Supremum and Infimum: Denote B={|x-y|;x∈A and y∈A}....

Alfredo Dawlabany

New member
Let A be a non-empty bounded set of $$\displaystyle \mathbb{R}$$. Denote B={|x-y|;$$\displaystyle x\in A$$ and $$\displaystyle y\in A$$}.
Prove that Sup B = Sup A - Inf A.

I tried to solve it but didn't know what to do

I said that if A is a bounded set then $$\displaystyle A\subset \left [InfA,SupA\right ]$$
$$\displaystyle \Rightarrow x,y \in \left [ InfA,SupA \right ]$$
so we have $$\displaystyle InfA\leqslant x\leqslant SupA$$ and $$\displaystyle InfA\leqslant y\leqslant SupA$$

Am I going right ? If yes how would I continue ?

tkhunny

Moderator
Staff member
Just hints:

1) Does it matter or help that Sup and Inf are actually members of the sets?
2) I don't see any subtraction in your demonstration, so far. What's up with that?

Last edited:

Alfredo Dawlabany

New member
Just hints:

1) Does it matter or help that Sup and Inf are actually members of the sets?
2) I don't see any subtraction in your demonstration, so far. What's up with that?
What do you mean by subtraction ?

Staff member
|x-y|

Alfredo Dawlabany

New member
OK I understood
But there is the absolute value
-sup A≤-y≤-inf A
So we get
x-y≤sup A - inf A , this implies sup(x-y)=sup A - inf A
Then what?

tkhunny

Moderator
Staff member
|x-y| is just distance. You will lose no generality if you assume x > y. Obviously, if x = y, we have a minimum, but we're not looking for that.
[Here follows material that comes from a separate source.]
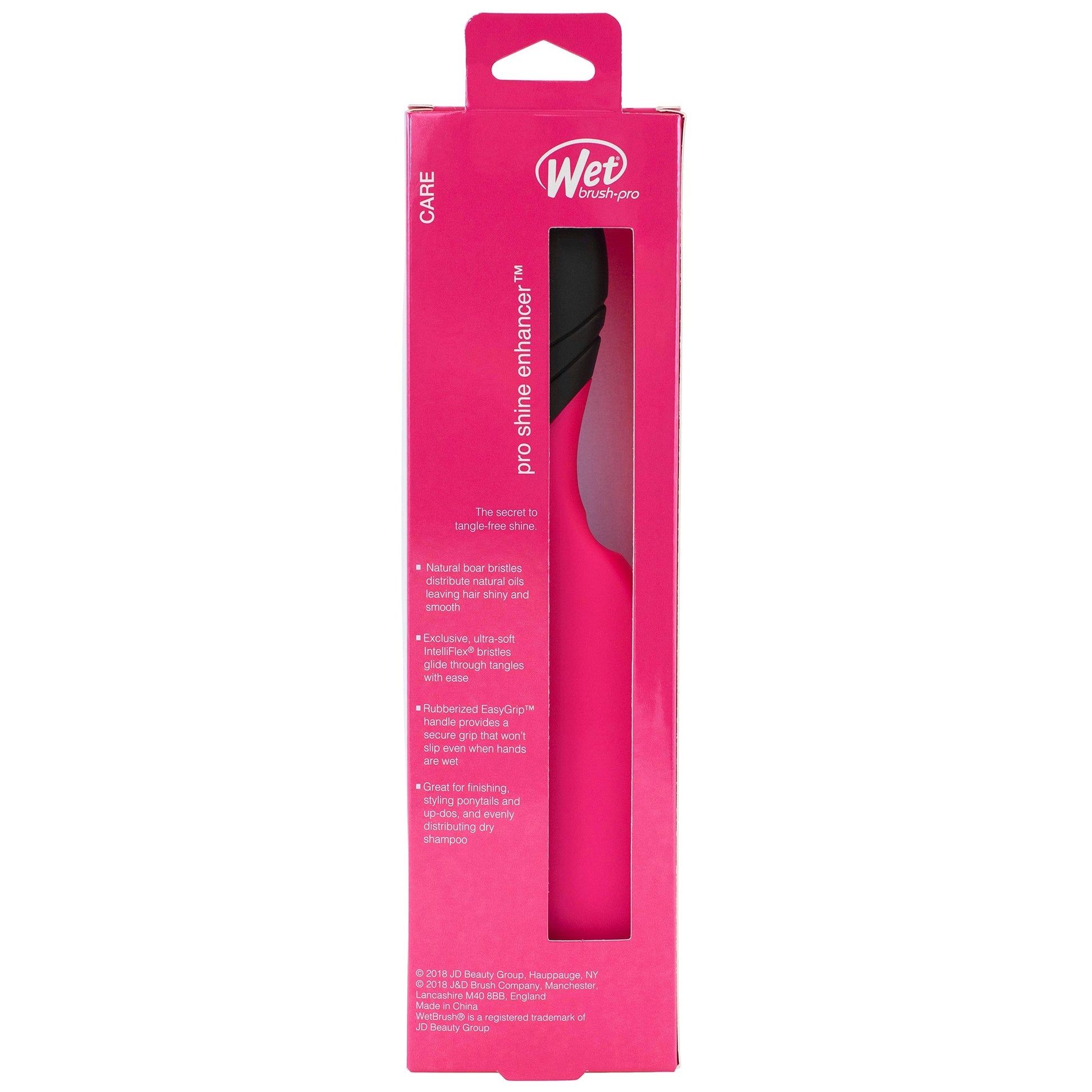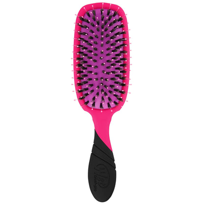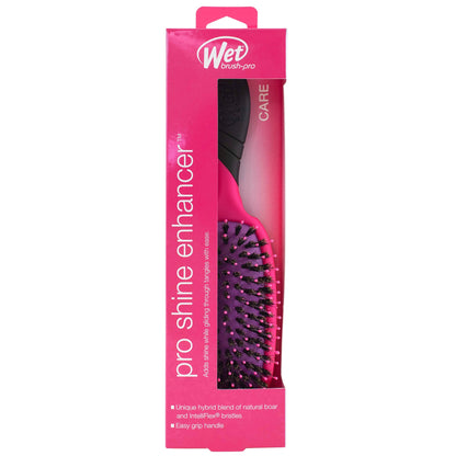 Add shine while gliding through tangles with less effort, pain and breakage. WetBrush Pro Shine Enhancer Hair Brush in Pink is designed by stylists for stylists. Boar bristles distribute hair's own oils, leaving hair shiny and smooth. Exclusive, ultra-soft IntelliFlex bristles diffuse tangles with ease. Great for finishing, styling updos and evenly distributing dry shampoo.

Rephrasing, how far apart can x and y be?

Alfredo Dawlabany

New member
|x-y| is just distance. You will lose no generality if you assume x > y. Obviously, if x = y, we have a minimum, but we're not looking for that.

Rephrasing, how far apart can x and y be?
Okay
I understood everything
Thank you